Collected data
===============

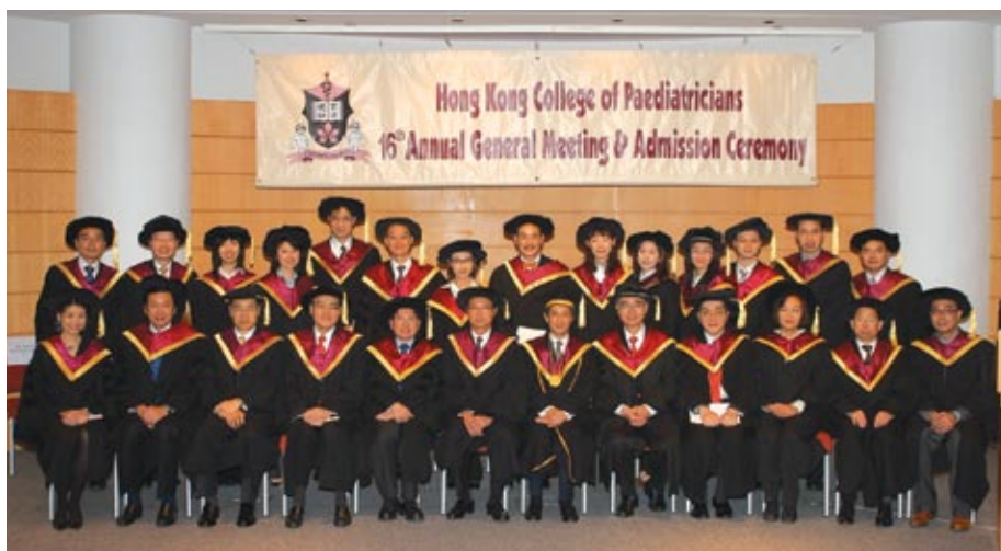
The College Council and the Newly Admitted Fellows at the Admission Ceremony on 1 st December, 2007.
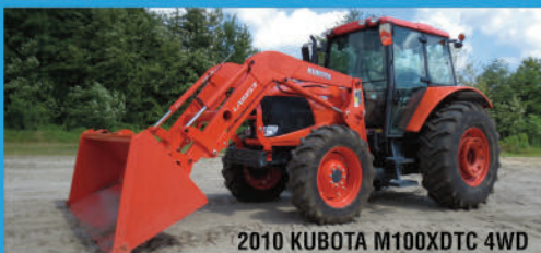
2010 KUBOTA M100XDTC 4WD
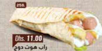
258. Hotdog Wrap Dhs. 11.00
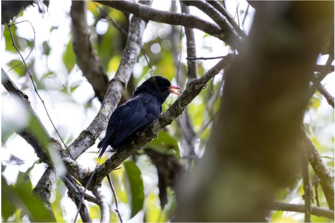
Singing male of the very localised Black Oriole
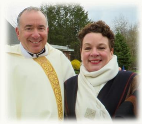
Remaining photos from our Easter Masses
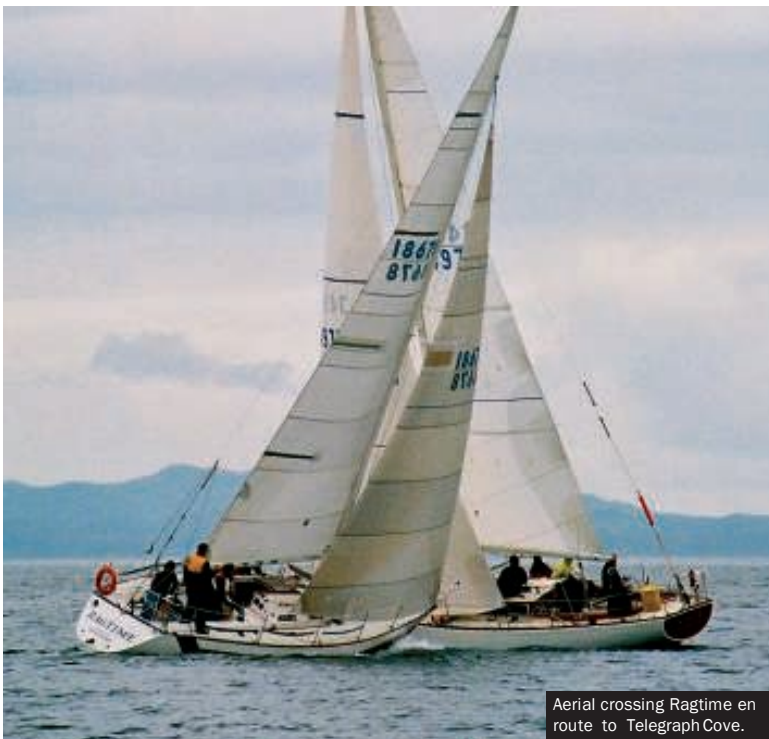
Aerial crossing Ragtime en route to Telegraph Cove.

The fourth Cadillac Van Isle 360 International Yacht Race will go down in the record books for non-stop action and thrills with fierce competition, broken boats, broken ribs, rescues and new speed records.
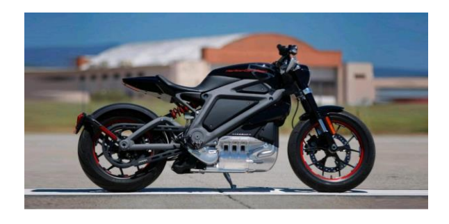
Fig:6.2 High speed bike
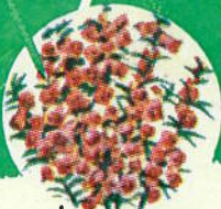
PINK HEATH VICTORIA

===============

■ WORK TO COMPLETE ■
Without including any pictures, output all the entries above exactly.

■ RESULT FOR THIS EXERCISE ■
The College Council and the Newly Admitted Fellows at the Admission Ceremony on 1 st December, 2007.
2010 KUBOTA M100XDTC 4WD
258. Hotdog Wrap Dhs. 11.00
Singing male of the very localised Black Oriole
Remaining photos from our Easter Masses
Aerial crossing Ragtime en route to Telegraph Cove.

The fourth Cadillac Van Isle 360 International Yacht Race will go down in the record books for non-stop action and thrills with fierce competition, broken boats, broken ribs, rescues and new speed records.
Fig:6.2 High speed bike
PINK HEATH VICTORIA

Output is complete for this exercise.